National Parks of the Bothnian Bay

Want to discover the beautiful northern Bothnian Bay this summer? Take a trip and visit the two national parks in the area – Haparanda Skärgård National Park and the Bothnian Bay National Park (Perämeren kansallispuisto). They have been awarded the status of national parks because they represent some of the finest nature areas within the countries, with unique landscapes, animals and plants we want to keep intact for future generations.

Haparanda Skärgård National Park

Haparanda Skärgård NP was formed in 1995. It lies in the outer archipelago of the municipality of Haparanda. It consists of two larger islands – Sandskär and Seskar-Furö – and several smaller islands. Sandskär is famous for its long shallow, sandy beaches and rich birdlife. The islands of the archipelago are young, it’s only about 1500 years ago since they started to emerge from the sea due to the land uplift. On the island of Sandskär humans have had settlements since the early times to hunt seal and to fish.

Duckboards going across the sandy and rocky beach to the red church.
Nature trail in Sandskär. Photo by Alejandra Parra, Metsähallitus.
The red wooden church, looks like a barn.
Church in Sandskär. Photo by Alejandra Parra, Metsähallitus.

The National Park is home to a rich flora and fauna. Here you can find for example the pink Siberian primrose (Primula nutans), field wormwood (Artemisia campestris ssp. bottnica) and sea buckthorn growing along the beaches. It’s also home to ringed seals, and large numbers of birds stopping by during their yearly migrations.

Sandy valley with duckboards going across it.
Sandskär is well-known of its huge sandy areas… (Photo by Essi Keskinen, Metsähallitus)
A sunny sand beach, with blue calm water.
…and beautiful sandy beaches! (Photo by Essi Keskinen, Metsähallitus)

The nearest harbor on mainland is Haparanda hamn in Nikkala. During the summer, scheduled boat trips leave from here to Sandskär. On Sandskär you can either bring your tent to stay in or rent one of the small cabins available on the island. The midnight sun is particularly beautiful to watch at such location far out at sea.

Get more information about Haparanda Skärgård National Park here.

Bothnian Bay National Park

The Bothnian Bay National Park (formed in 1991) is located almost right next to the Haparanda Skärgård National Park, close to the border of Finland and Sweden, in the outer archipelago of towns Tornio and Kemi. The National Park is made up of about 30 moraine islands and islets. The shores of the islands are rocky and the waters are shallow in the National Park area. In the island of Vähä-Huituri a nice sandy beach can be found. The youngest islands are actually reefs with no vegetation and the oldest ones even have small forests. Maybe the most well-known island is Selkä-Sarvi, where there is a harbor and open sauna in the northern end and old fishing base in the southern end of the island.
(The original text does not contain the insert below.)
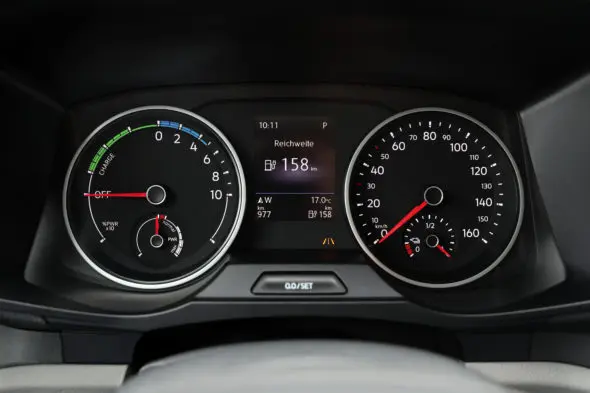 Al rijdend hebben we tijd genoeg om verschillende aspecten van de e-Crafter uit te proberen. Recuperatie van energie bijvoorbeeld als we het ‘gaspedaal’ loslaten. Bij het loslaten van dat pedaal wordt er op de motor afgeremd en wordt er energie teruggeleid naar de accu’s. Je kunt het zelf zien in een LCD-scherm op het instrumentendisplay. De mate waarin de aandrijflijn afremt, is echter minder groot dan bij andere e-bestellers in dit segment. Ook kan de mate van recuperatie niet worden ingesteld, en is er ook geen ‘Eco-modus’. Daarmee kan bijvoorbeeld het motorvermogen licht worden geknepen en de verwarming of airco minimaal worden ingeschakeld. De e-Crafter heeft het allemaal niet, en daar is een goede reden voor. Volkswagen heeft de e-Crafter voor de marktintroductie eerst laten testen in de praktijk, door 25 Europese fleetowners, in Nederland door acht klanten met grotere vloten. Daaruit bleek dat bestuurders helemaal niet op van die extra mogelijkheden zitten te wachten. Best opmerkelijk vinden wij, maar dit en ander onderzoek van Volkswagen naar klantenwensen is intensief geweest, dus moeten we de uitkomsten ook accepteren.
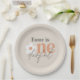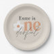 Fête de premier anniversaire fleurie moderne audacieuse typographie boho rétro terracotta, pêche, naturel amusant ironique vintage Onederful fêté fêtes d'anniversaire papier plaque déco de la collection de fête.

Small island with some forest on it, sea on a background in nice sunset colors.
View towards south from the tower in Selkä-Sarvi (Photo by Lari Pihlanjärvi, Metsähallitus).

The most typical landscapes on these islands are meadows and dry heaths. The coastal meadows have been created by land uplift and the grazing of livestock. During the past decades the meadows and heaths have been managed and preserved to stop overgrowing by other vegetation. One of the nicest examples of these traditional landscapes can be found from Selkä-Sarvi, where sheep can be seen grazing every Summer. People have also left their mark in the scenery, and it could be so, that people have already had temporary settlement on the islands at the end of 16th century! On many islands visitors can see bases of old buildings and supporting stones for seamarks. Read more about the sights here, activities in here, the location of harbors and other useful information here.

Rainbow over Maasarvi-island (Photo by Lari Pihlanjärvi, Metsähallitus).

Bothnian Bay National Park is also a dream for bird watchers. There are about 60 different species nesting in the area, including the Arctic Tern (Sterna paradisaea), the Velvet Scoter (Melanitta fusca) and the Temminck’s Stint (Calidris temminckii). There are several plants that can only be found in the land uplift area, for example Primula nutans var. jokelae. When looking under the water surface, endangered species like Baltic water-plantain (Alisma wahlenbergii) and Water Pygmyweed (Crassula aquatica) can be found. There are also many beautiful flads on the islands, full of vegetation.

Lots of big rocks on the front, sea in the middle and cloudy but sunny sky.
Rocky shore and a flada in Selkä-Sarvi (Photo by Linda Jokinen, Metsähallitus).

Take your own boat or rent a taxi boat and come visit both of these parks during the same day next summer!